ABOUT THIS TASK ▸
Your answer must be the lines from the one holding "March 2008 The" through the final line of the entries below, copied exactly, with no pictures.

MATERIALS PROVIDED ▸
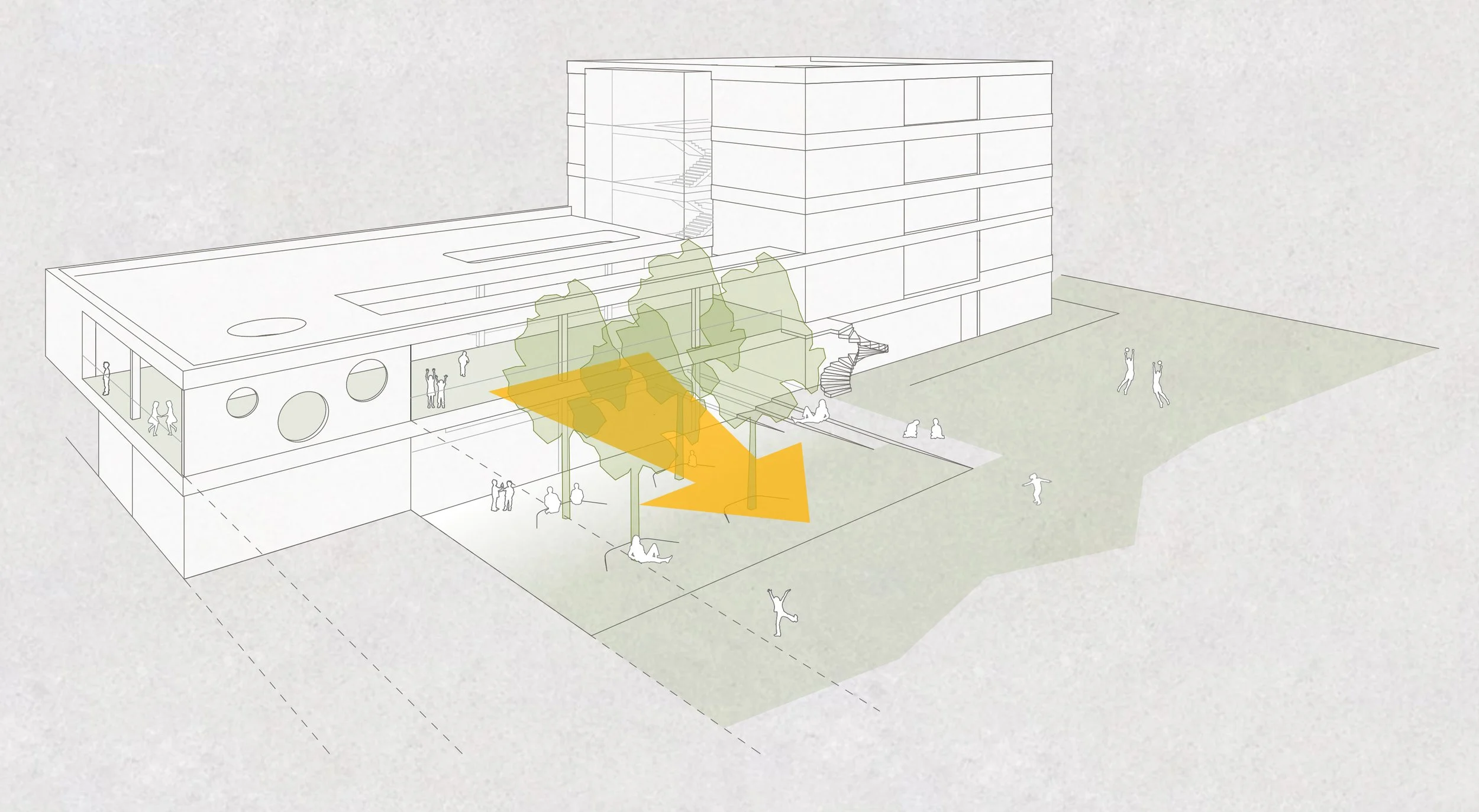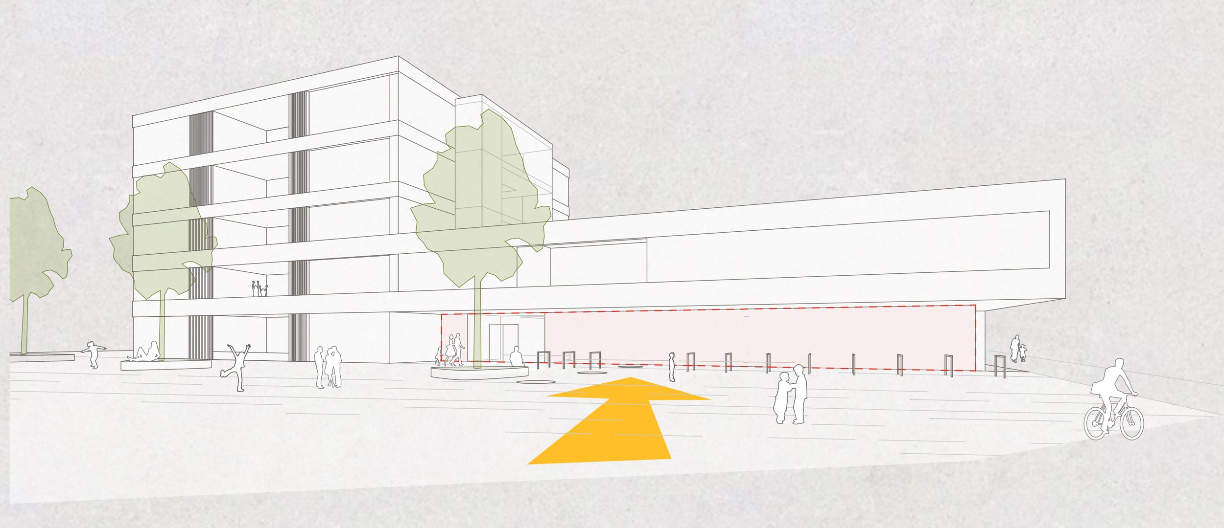 Der Fassadenrücksprung markiert den neuen Haupteingang und erweitert den Vorplatz der Schule. Die Auskragung gewährt den Witterungsschutz für die Fahrradabstellflächen. Die Besucher werden in der offenen, lichtdurchfluteten zweigeschossigen Aula empfangen. Der leicht versenkte Speisesaal wird durch das Öffnen der Fassade vom Innen- zum Außenraum, die nach außen verlängerten und das Gelände aufnehmenden Trittstufen verstärken diese Wirkung und bieten das entsprechende Ambiente für eine multifunkrionale Nutzung – auch abseits des Schulbetriebes.
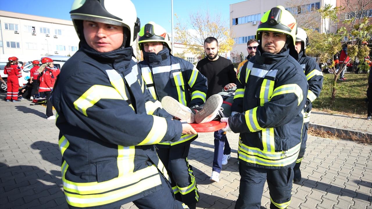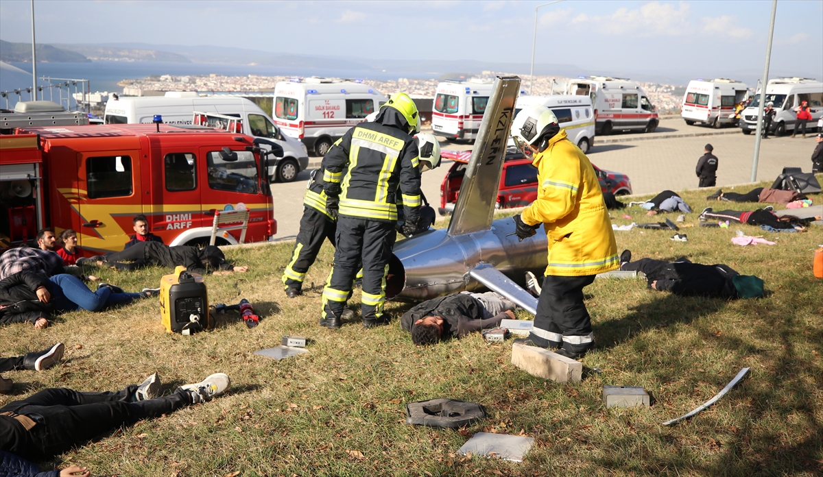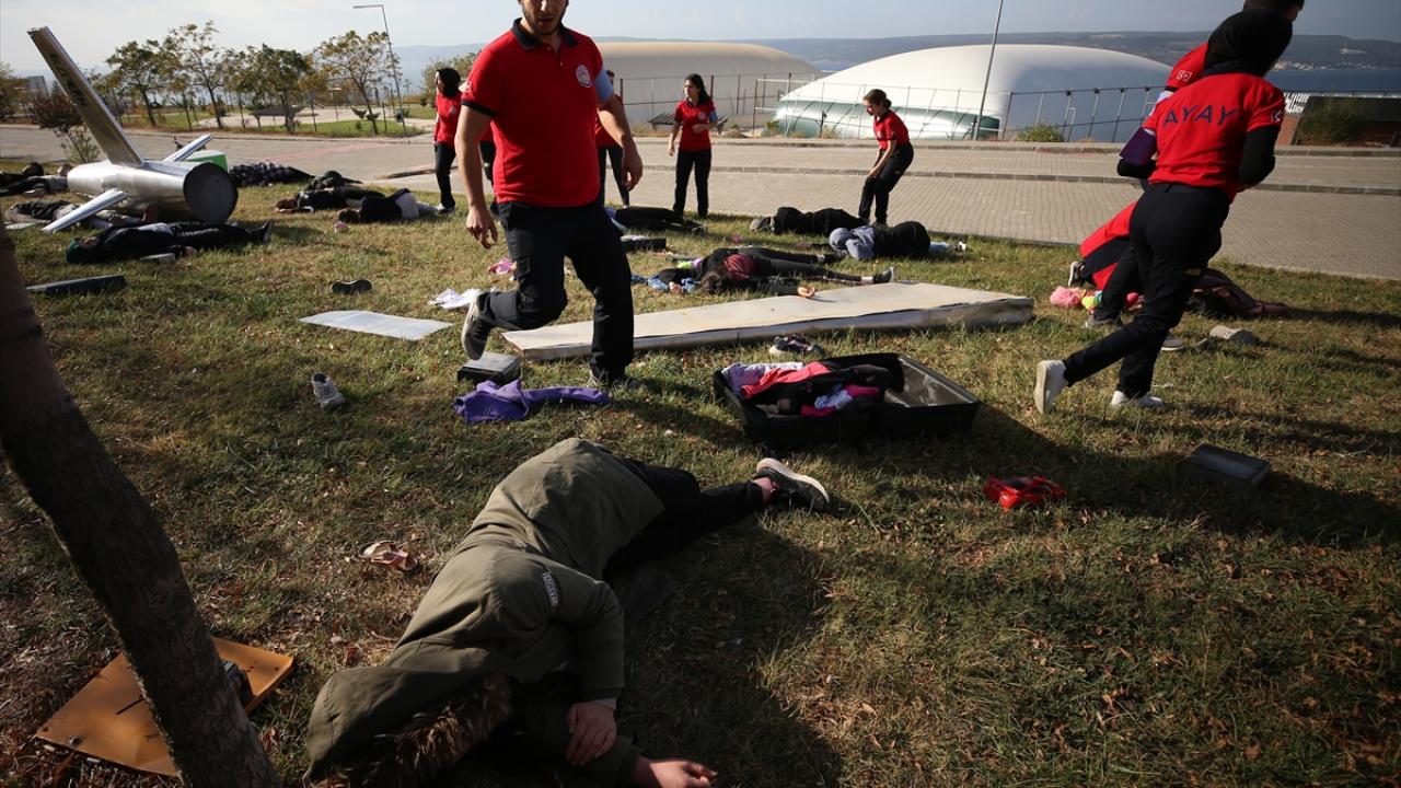 149 personelin görev aldığı tatbikatta, kazazede ve yolcu yakınlarını da ÇOMÜ Acil Yardım ve Afet Yönetimi Bölümünün 133 öğrencisi canlandırdı.
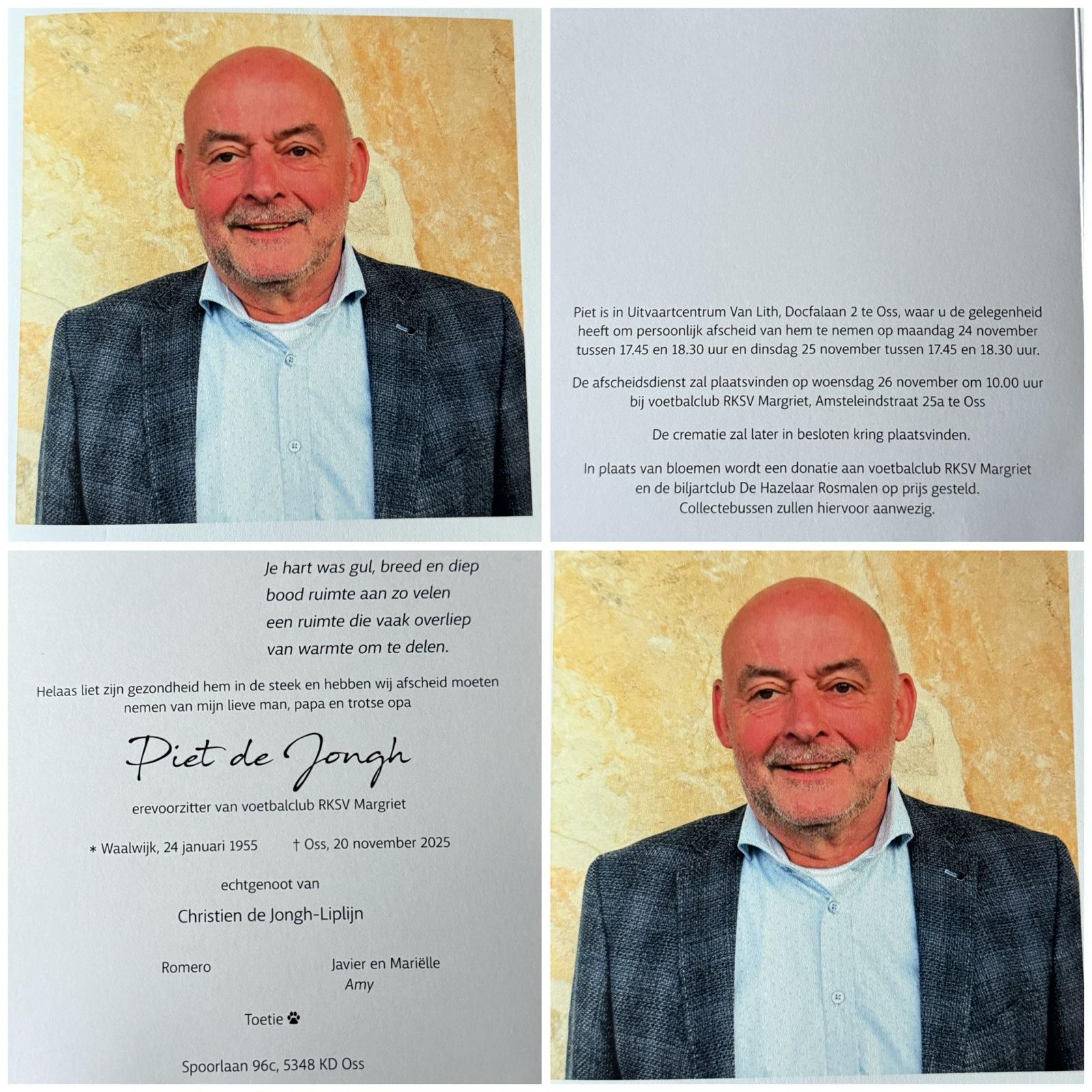 Een zeer verdrietig bericht. Op donderdag 20 november 2025 is overleden in Oss de binnen de biljartwereld uiterst geliefde Piet de Jongh. Piet werd 70 jaar.
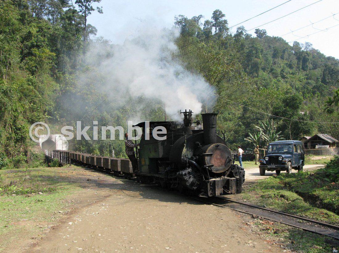March 2008 The train emerges from a short tunnel and crosses a river bridge and road. The loco is no 789, built by the North British Locomotive Co in 1914, transferred from the Darjeeling Himalayan Railway c1970.
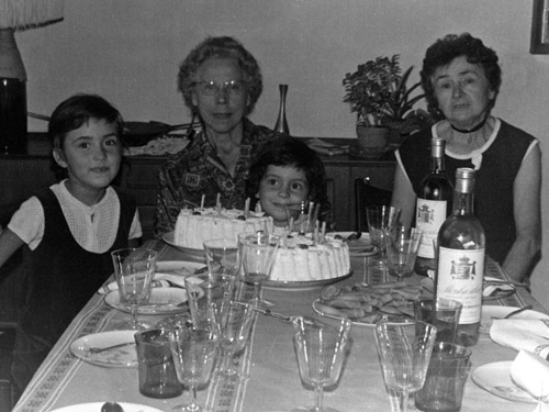 Août 1970. Anniversaire de Laurence avec la tante Céline et Mamie Rose
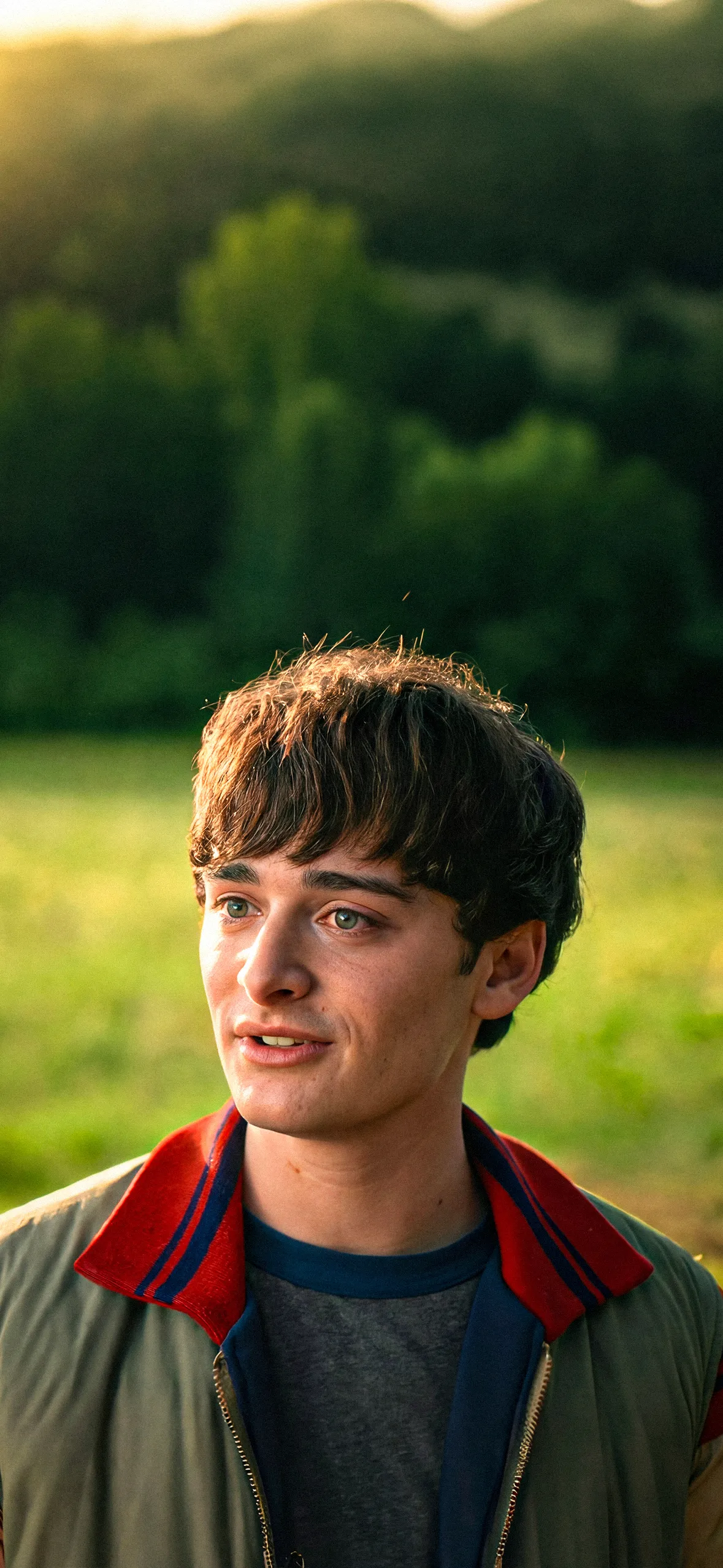 Download this Will Byers (Noah Schnapp) 4K wallpaper for your iPhone and enjoy the view of his green eyes and signature haircut. This wallpaper captures Noah in his tan jacket with a red and blue collar, set against a blurred green field.

WRITTEN REPLY ▸
March 2008 The train emerges from a short tunnel and crosses a river bridge and road. The loco is no 789, built by the North British Locomotive Co in 1914, transferred from the Darjeeling Himalayan Railway c1970.
 Août 1970. Anniversaire de Laurence avec la tante Céline et Mamie Rose
 Download this Will Byers (Noah Schnapp) 4K wallpaper for your iPhone and enjoy the view of his green eyes and signature haircut. This wallpaper captures Noah in his tan jacket with a red and blue collar, set against a blurred green field.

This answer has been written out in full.